Claw-SWE-Bench：在编程任务上评估OpenClaw风格智能体框架的基准

摘要

诸如OpenClaw之类的通用型智能体日益被用作自主工具使用者，但其编码能力在SWE-bench基准测试中难以衡量：通用智能体本身并不满足评分所需的干净Docker工作区、补丁和预测合约。本文提出Claw-SWE-Bench——一个多语言SWE-bench风格基准测试及适配器协议，该协议使得异构智能体绑定框架（即"爪"）能够在固定提示词、运行时预算、工作区合约、补丁提取流程及评估器等公平设定下实现可比性。完整基准测试包含350个GitHub问题修复实例，涵盖8种语言和43个代码仓库，这些实例在剔除未来提交后从SWE-bench-Multilingual和SWE-bench-Verified-Mini中筛选得出。同时，我们发布用于快速验证的Claw-SWE-Bench Lite版本，该子集包含80个实例，通过基于17个校准列的代价感知与排名感知流程选取。在完整基准测试中，采用最小直接差异适配器的OpenClaw仅取得19.1%的Pass@1，而完整适配器在相同GLM 5.1主干模型下达到73.4%，表明适配器设计对于使OpenClaw类框架有效执行编码任务至关重要。通过对OpenClaw进行九模型扫描以及五框架两模型扫描，在固定模型下模型选择使Pass@1变化29.4个百分点，框架选择使Pass@1变化27.4个百分点；具有相近准确率的系统在API总成本上可能存在显著差异。因此，Claw-SWE-Bench将框架与成本核算作为SWE式编码智能体评估的首要维度，既提供完整基准测试，也提供低成本参考集以实现可重复比较。数据获取地址为：https://github.com/opensquilla/claw-swe-bench 和 https://huggingface.co/datasets/TokenRhythm/Claw-SWE-Bench。

English

General-purpose agents such as OpenClaw are increasingly used as autonomous tool users, but their coding ability is difficult to measure under SWE-bench: a generic agent does not by itself satisfy the clean Docker workspace, patch, and prediction contract required for scoring. We introduce Claw-SWE-Bench, a multilingual SWE-bench-style benchmark and adapter protocol that makes heterogeneous agent harnesses, or claws, comparable under fair settings including a fixed prompt, runtime budget, workspace contract, patch extraction procedure, and evaluator. The full benchmark contains 350 GitHub issue-resolution instances across 8 languages and 43 repositories, drawn from SWE-bench-Multilingual and SWE-bench-Verified-Mini after future-commit cleanup. We also release Claw-SWE-Bench Lite for faster validation, which is an 80-instance subset selected by a cost-aware, rank-aware procedure over 17 calibration columns.
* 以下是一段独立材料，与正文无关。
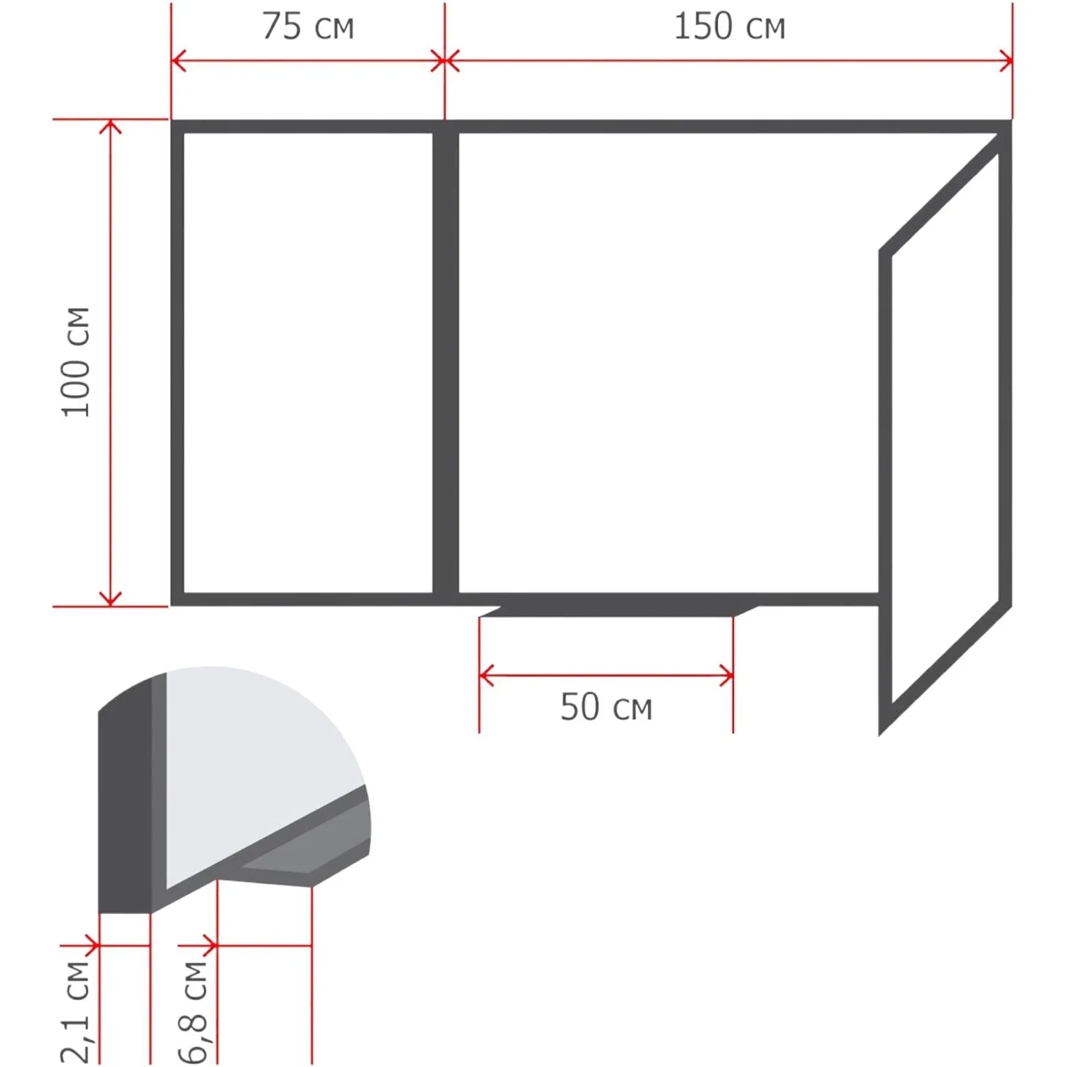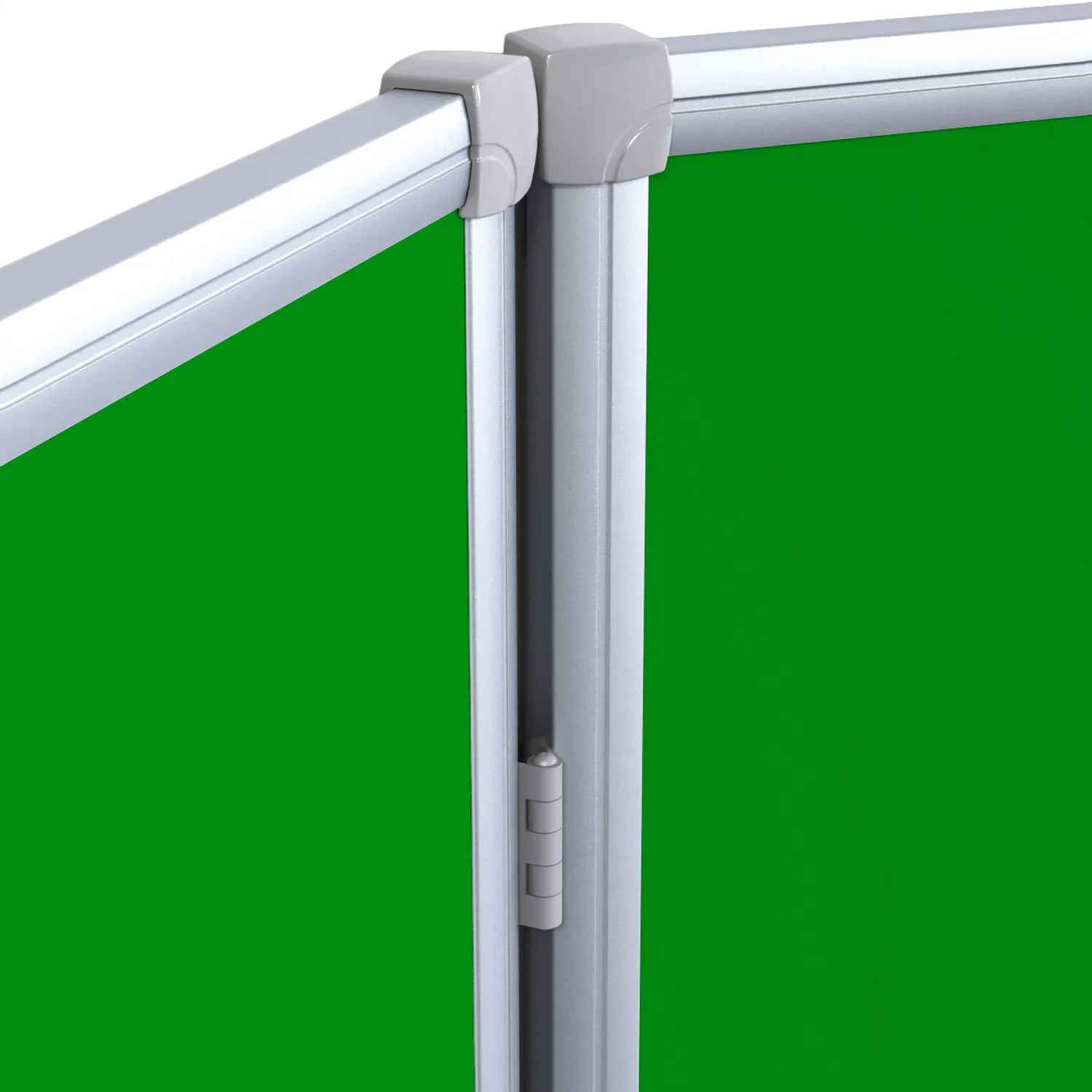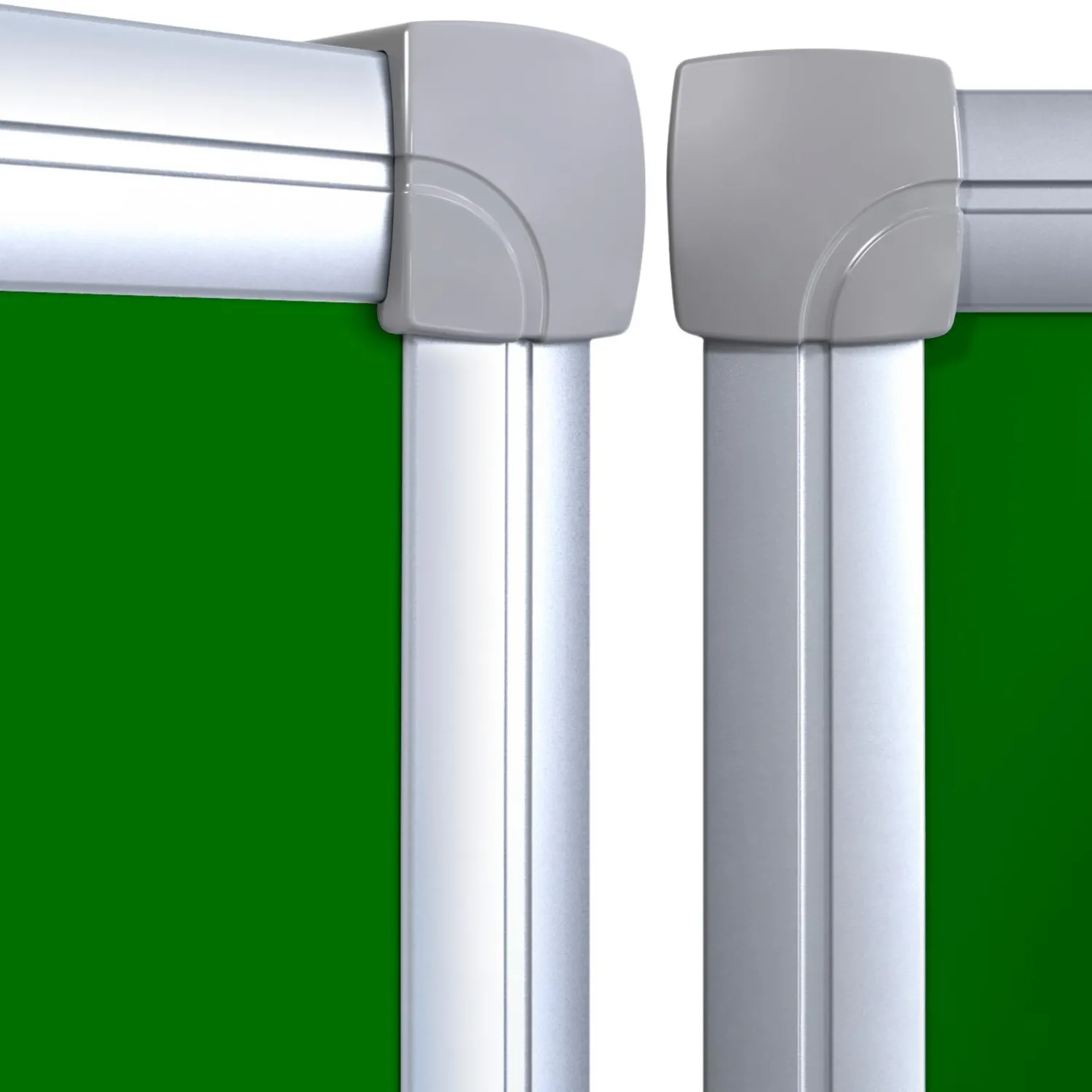 Обратная сторона створок доски — зеленая. Размер доски в закрытом состоянии 150×100 см, размер боковых секций 100×75 см, размер доски в открытом состоянии — 300×100 см. Рама из алюминиевого анодированного профиля, скрепленного пластиковыми уголками.

On the full benchmark, OpenClaw with a minimal direct-diff adapter scores only 19.1% Pass@1, whereas the full adapter reaches 73.4% with the same GLM 5.1 backbone, showing that adapter design is essential for enabling OpenClaw-style harnesses to perform coding tasks effectively. Across an OpenClaw times nine-model sweep and a five-claw times two-model sweep, model choice changes Pass@1 by 29.4 pp and harness choice by 27.4 pp under fixed models; systems with similar accuracy can differ substantially in total API cost. Claw-SWE-Bench therefore treats harness and cost accounting as first-class axes of SWE-style coding-agent evaluation, providing both a full benchmark and a low-cost reference set for reproducible comparison. The data is available at https://github.com/opensquilla/claw-swe-bench and https://huggingface.co/datasets/TokenRhythm/Claw-SWE-Bench.